JP6989375B2 - Gate pin inspection device and inspection method as a bearing member for radial gates - Google Patents

Description

The present invention relates to a gate pin inspection device and an inspection method, and more particularly to a gate pin inspection device and an inspection method using an AE (acoustic emission) waveform.

Conventionally, the frictional force of a radial gate bearing member (hereinafter referred to as "gate pin") has been the subject of inspection in the technical standard of structural design (for example, the technical standard of sluice steel pipe). FIG. 11 is a diagram showing the overall configuration of the radial gate 100. With reference to FIG. 11, the radial gate 100 is provided at a water gate or the like that closes the upstream and downstream of the river, and has a door body 103 and a leg 102 that connects the door body 103 and a rotating pin (support portion) 101. including. A take-up wire (not shown) is connected to the door body 103, and by winding the winding wire 103, the door body 103 rotates about the rotation pin 101. However, since the door body 103 is normally closed, the friction of the rotating pin 101 increases over time, resulting in poor movement. As a result, the resistance moment of the leg 102 becomes large during the opening / closing operation, and the leg 102 may buckle, leading to the collapse of the entire radial gate 100. Therefore, it is necessary to periodically inspect the frictional force of the rotating pin 101. In order to evaluate this frictional force, it is necessary to attach a strain gauge to the leg and directly measure the resistance moment. In addition, since the friction of the bearing changes over time, it is necessary to monitor the change regularly.

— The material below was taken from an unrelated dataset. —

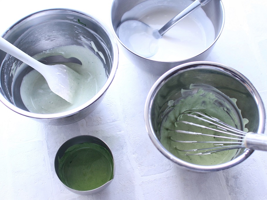 チーズ生地が一番多いボウルには抹茶を加えず、そのまま使います。
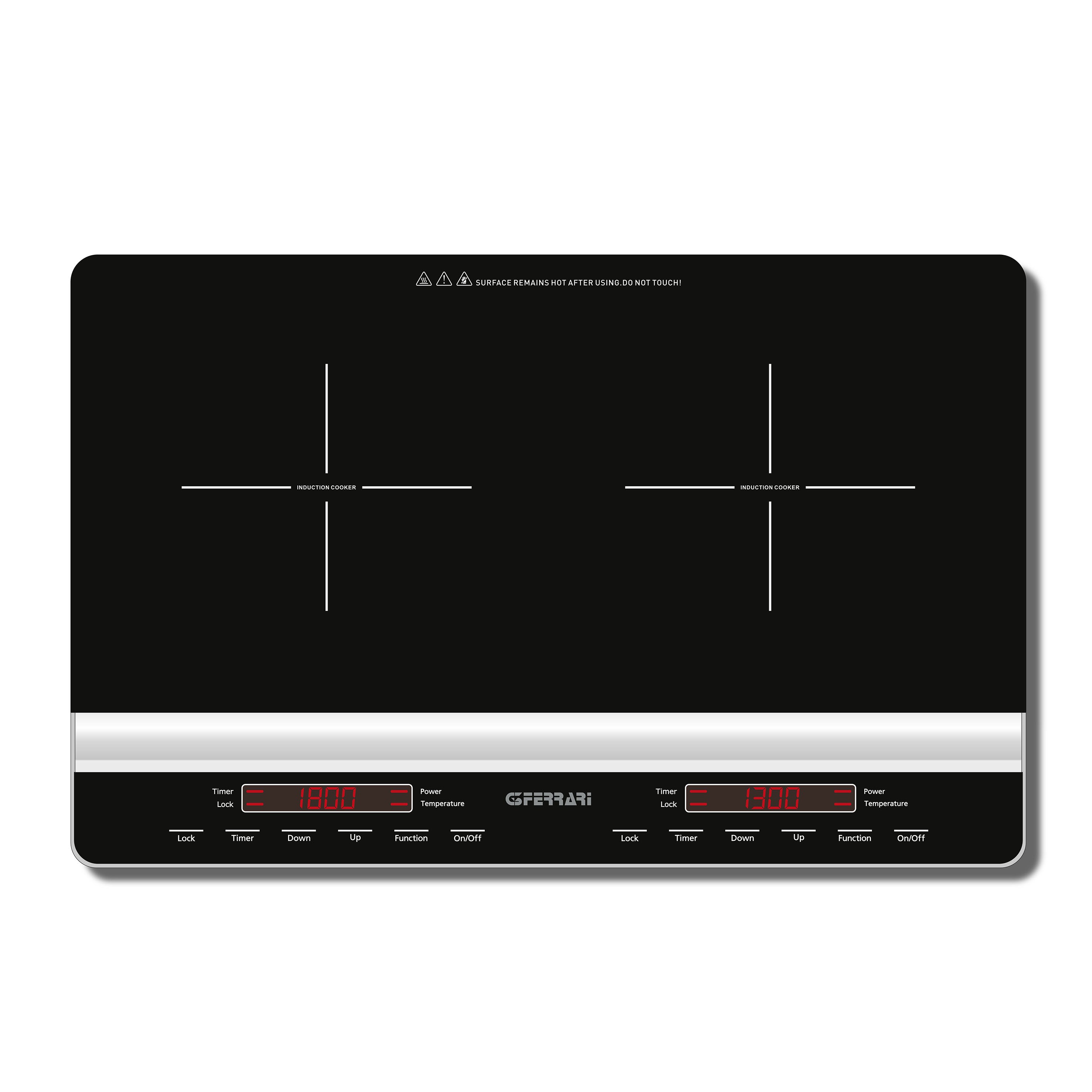 G3 Ferrari Dinamiko Duo. Colore del prodotto: Nero, Posizionamento dell'apparecchio: Superficie piana, Dimensione della larghezza del piano cottura: 56 cm. Bruciatore piccolo: 1300 W, Bruciatore medio: 1800 W, Range di temperatura (T-T): 60 - 240 °C. Tipo di controllo: Touch, Posizione di controllo: Frontale superiore, Timer da 30 minuti: 180 min. Potenza aggregata (elettrica): 3100 W, Tensione di ingresso AC: 230 V, Frequenza di ingresso AC: 50/60 Hz. Larghezza: 560 mm, Profondità: 360 mm, Altezza: 50 mm

On the other hand, an apparatus for analyzing a frictional wear phenomenon of a friction member using an AE sensor is disclosed in, for example, Japanese Patent Application Laid-Open No. 2015-25713 (Patent Document 1). According to the same publication, the friction and wear phenomenon analysis device is provided with a pressing device for frictionally contacting the friction member with the rotating member and an urging member for contacting the AE sensor with the friction member 2 in a separate system, whereby the friction of the friction member is provided. There is a description that the contact is surely performed and the AE generated in the friction member is detected with high sensitivity.

Japanese Unexamined Patent Publication No. 2015-25713

Inspecting the frictional force of the conventional gate pin material has a problem that labor cost, scaffolding cost, etc. are incurred, and it takes time and cost. On the other hand, in the past, there was no idea of evaluating a gate pin using an AE sensor.

The present invention has been made in order to solve the above-mentioned problems, and an object of the present invention is to provide an inexpensive and easily gate pin inspection device and method using an AE waveform.

The gate pin inspection device according to the present invention has an AE sensor attached to the gate pin, a waveform acquisition unit that acquires an AE waveform from the AE sensor, and a predetermined DA value obtained based on the waveform acquired by the waveform acquisition unit. It includes an evaluation unit that evaluates the frictional force of the gate pin by using it, and an output unit that outputs the evaluation result of the evaluation unit.

Preferably, the evaluation unit evaluates the frictional force of the gate pin using the RMS value of the waveform acquired by the waveform acquisition unit.

More preferably, the evaluation unit discriminates the frictional force of the gate pin into a plurality of regions by using the AE waveform acquired by the waveform acquisition unit and the RMS value of the AE waveform.

In another aspect of the invention, the gate pin inspection method evaluates the frictional force of the gate pin using a step of acquiring an AE waveform from an AE sensor attached to the gate pin and a predetermined DA value based on the acquired waveform. A step to output an evaluation result and an output step to output the evaluation result are included.

According to the present invention, an AE waveform caused by friction is acquired, and an evaluation value is obtained based on the AE waveform, and the bearing portion is evaluated. There is no need to provide manpower or scaffolding as in the past. As a result, it is possible to provide a gate pin inspection device and an inspection method capable of inspecting the gate pin inexpensively and easily.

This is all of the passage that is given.